I congratulate the hon. Gentleman on securing this important debate. Acorns children’s hospice serves my constituency as it serves his. It has a fantastic hospice in Worcester. It has done some important work on transition space and supporting the many people who, because of advances in medicine, are living longer. Does he agree that it is vital that the Government engage with it on this work, to make sure that transition is properly supported by the future funding system?
Yes, I agree. That is exactly the point. It is fantastic that so many children now survive for so much longer. That creates new demands and service needs that have to be considered. I should be grateful if the Minister said what work is being undertaken, both within Government and the NHS, to ensure that these transition issues are being considered in any new funding plans. I concur with the hon. Gentleman on that. The Care Quality Commission report, “From the pond into the sea: children’s transition to adult health services”—that is its title, I kid you not—also indicated that this focus is important.

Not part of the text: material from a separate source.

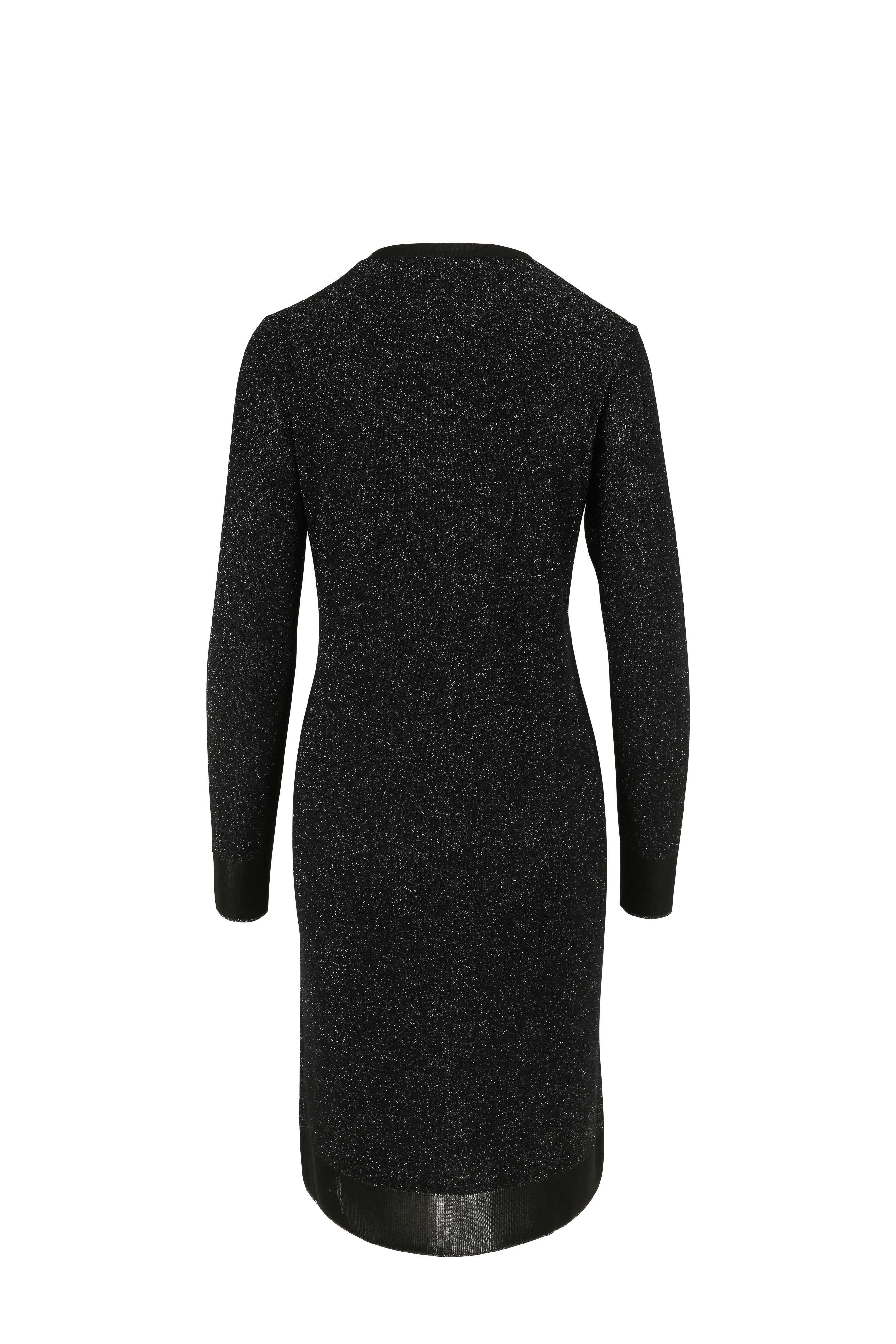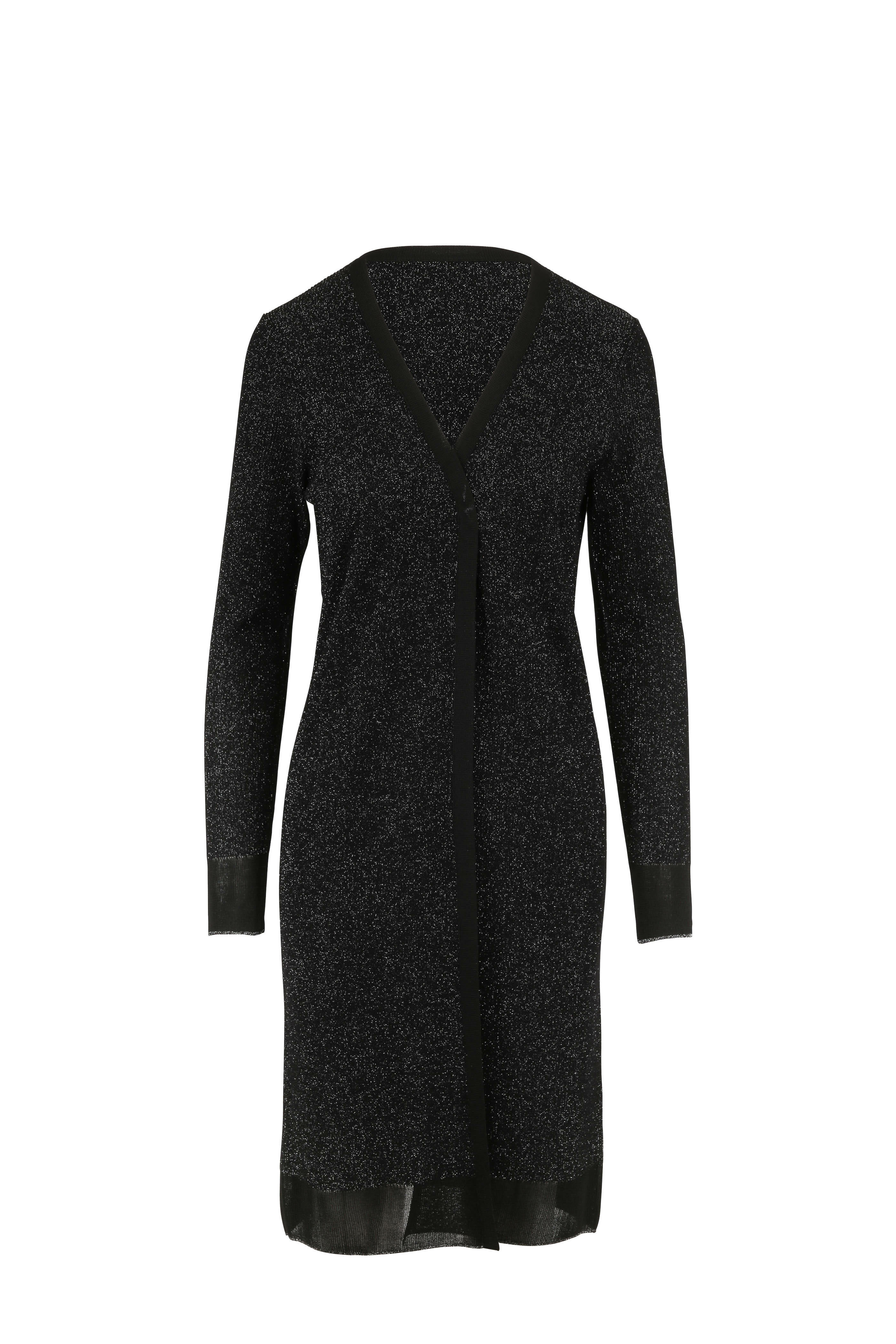 Open front. Ribbed trim. Imported. 35% merino wool, 27% viscose, 17% polyester, 9% nylon, 9% metallized fiber, 3% cashmere. Dry clean.

We are moving towards the election, so it would help if the Minister clarified where we are with all these plans. As I have said, I acknowledge that the intention is to create a fair and sustainable framework, but we are now in March—the projected launch date for the introduction of the new non-mandatory currency is March—and as yet, unless I have missed something, we do not know the Government’s intention. What I would really like to know, and what I think the hospices would like to know, is what is going to happen with the hospice grant? Is the intention that it should continue during 2015-16 and beyond? I am sure that the Minister appreciates that not knowing is a real source of anxiety and a blow to any attempts at long-term planning.
Almost 96% of children’s hospice organisations are worried, according to the Together for Short Lives survey, that CCG funding will be less than their existing grant and harder to access. That grant covered about 13% of the care costs incurred by children’s hospices and existing clinical commissioning group funding represents about another 12%. Uncertainty over almost 25% of previously guaranteed funding is a difficult basis from which to operate.
I am sure the Minister knows that these bodies rely massively on public generosity and fund-raising efforts, but they also need some core guaranteed funding. If the grant ceases and is not matched by equal funding elsewhere, 89% of children’s hospice organisations could be forced to reduce their services. Areas at risk include short-break services for 60% of users.